(Beginning of ENTRIES SUPPLIED)

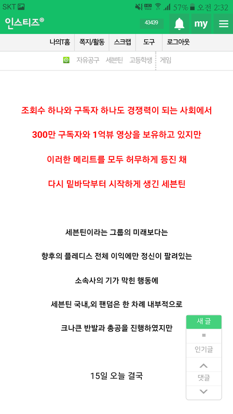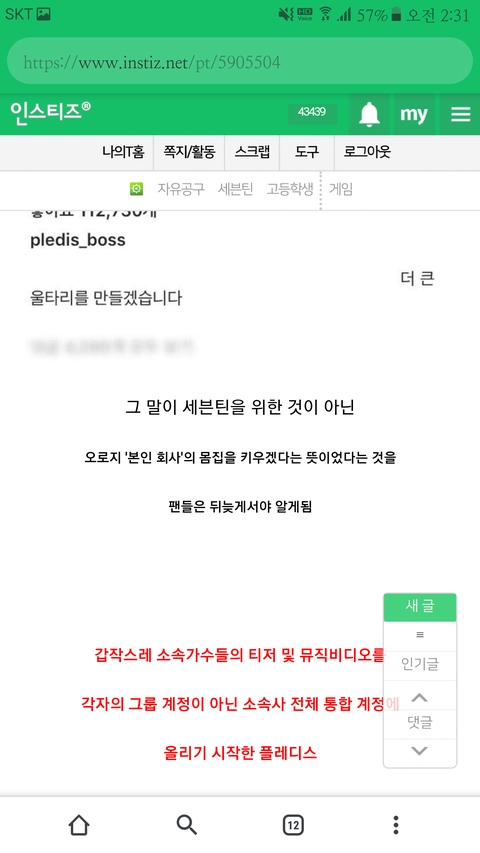 총공하다가 진짜 공감되는 말 봐서 가져와봄.. 팬층도 어리니까 애들이 길게 멀리보질 못하고 당장 보이는걸로만 화내는걸로 볼 거 같은데, 우린 우리애들 잘되는걸 우선으로 움직이는 사람들이야. 불편해도 애들 더 유명해질 가능성 있으면 납득했겠지만 오죽 잘될 가망이 없어보였으면... 이게 ㄹㅇ인 거 같음... 이건 셉틴은 물론이고 회사가 통합을 통해 밀어주려는 연생 내지는 차기그룹에게도 전혀 도움이 안됨
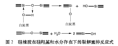 氣相法白炭黑由于表面硅羥基比較多,它們很容易與空氣中的水分形成氫鍵而吸附水分,這些活性硅羥基和吸附水分的存在,在高溫下將使硅橡膠分子鏈產生圖2所示的熱降解重排反應。從反應式中可以知道,硅羥基和水分的存在,不僅使硅橡膠斷鏈,而且還生成了新的硅羥基,這將引起連鎖反應,導致膠料軟化,力學性能和使用壽命下降。此外,白炭黑的水分含量過高,容易造成LSR在熱硫化成型時產生氣泡。
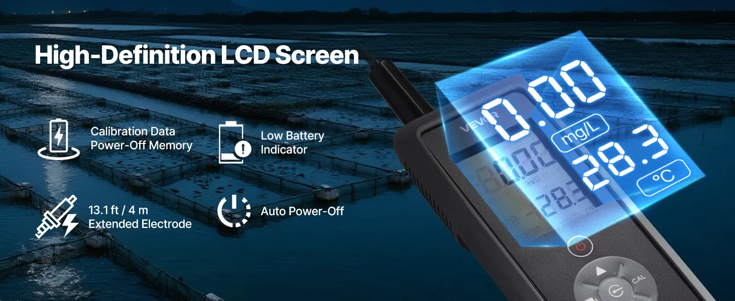 Pantalla de fácil lectura: Rango de medición: Oxígeno disuelto: 0,00-20,00 mg/L, Saturación del aire: 0,0-200,0 %, Temperatura: -42,8 a 114,8 °F. Este medidor de oxígeno disuelto ofrece una pantalla nítida y antirreflejos para una fácil lectura de datos, incluso con luz solar intensa
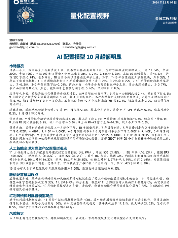 【国金证券】【20241104】量化配置视野:AI配置模型10月超额明显-11页 宏观策略
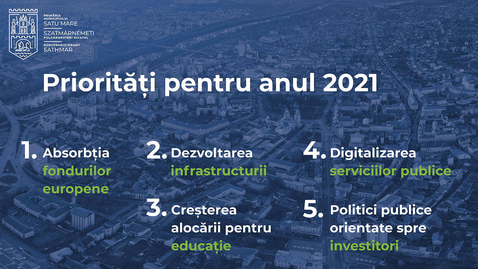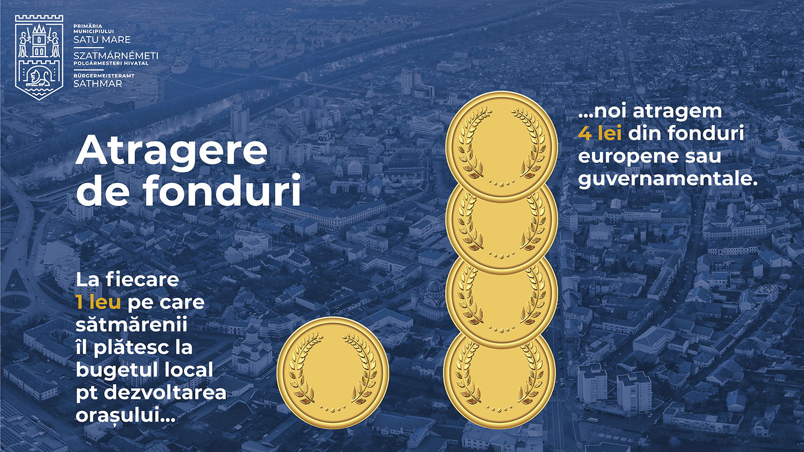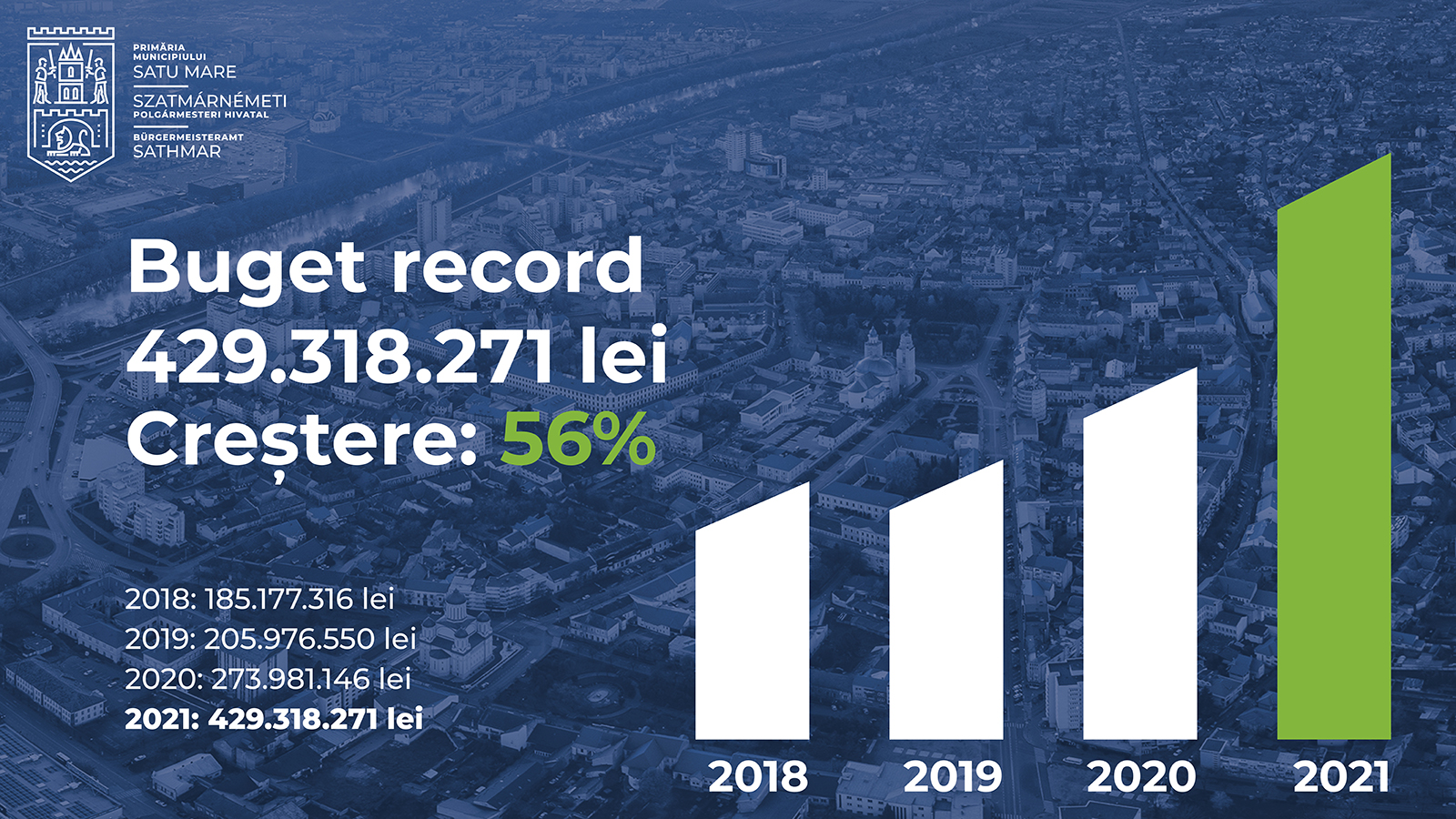 ,,Primăria Municipiului Satu Mare propune ca mai bine de 210 milioane de lei din bugetul pe 2021 să fie alocați pentru dezvoltare. Prioritate în privința alocării fondurilor, sunt proiectele cu finanțare din fondurile europene și proiectele de investiții aflate în perioada de desfășurare. Ne propunem ca anul acesta să absorbim fonduri europene de 164 milioane lei. La fiecare leu pe care sătmărenii îl plătesc la bugetul local pentru dezvoltarea orașului, noi atragem 4 lei din fonduri europene sau guvernamentale”, a declarat primarul Kereskényi Gábor.
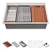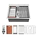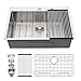 【What's in the box】30 inch undermount kitchen sink, drain assembly, bottom rinse grid, rollup rack, cutout template and installation instruction.
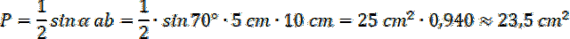 , gdzie a i b to długości boków trójkąta, a alfa to kąt zawarty między nimi.

(End of ENTRIES SUPPLIED)

Retype the records in full, exactly as given, and omit the pictures.

 총공하다가 진짜 공감되는 말 봐서 가져와봄.. 팬층도 어리니까 애들이 길게 멀리보질 못하고 당장 보이는걸로만 화내는걸로 볼 거 같은데, 우린 우리애들 잘되는걸 우선으로 움직이는 사람들이야. 불편해도 애들 더 유명해질 가능성 있으면 납득했겠지만 오죽 잘될 가망이 없어보였으면... 이게 ㄹㅇ인 거 같음... 이건 셉틴은 물론이고 회사가 통합을 통해 밀어주려는 연생 내지는 차기그룹에게도 전혀 도움이 안됨
 氣相法白炭黑由于表面硅羥基比較多,它們很容易與空氣中的水分形成氫鍵而吸附水分,這些活性硅羥基和吸附水分的存在,在高溫下將使硅橡膠分子鏈產生圖2所示的熱降解重排反應。從反應式中可以知道,硅羥基和水分的存在,不僅使硅橡膠斷鏈,而且還生成了新的硅羥基,這將引起連鎖反應,導致膠料軟化,力學性能和使用壽命下降。此外,白炭黑的水分含量過高,容易造成LSR在熱硫化成型時產生氣泡。
 Pantalla de fácil lectura: Rango de medición: Oxígeno disuelto: 0,00-20,00 mg/L, Saturación del aire: 0,0-200,0 %, Temperatura: -42,8 a 114,8 °F. Este medidor de oxígeno disuelto ofrece una pantalla nítida y antirreflejos para una fácil lectura de datos, incluso con luz solar intensa
 【国金证券】【20241104】量化配置视野:AI配置模型10月超额明显-11页 宏观策略
 ,,Primăria Municipiului Satu Mare propune ca mai bine de 210 milioane de lei din bugetul pe 2021 să fie alocați pentru dezvoltare. Prioritate în privința alocării fondurilor, sunt proiectele cu finanțare din fondurile europene și proiectele de investiții aflate în perioada de desfășurare. Ne propunem ca anul acesta să absorbim fonduri europene de 164 milioane lei. La fiecare leu pe care sătmărenii îl plătesc la bugetul local pentru dezvoltarea orașului, noi atragem 4 lei din fonduri europene sau guvernamentale”, a declarat primarul Kereskényi Gábor.
 【What's in the box】30 inch undermount kitchen sink, drain assembly, bottom rinse grid, rollup rack, cutout template and installation instruction.
 , gdzie a i b to długości boków trójkąta, a alfa to kąt zawarty między nimi.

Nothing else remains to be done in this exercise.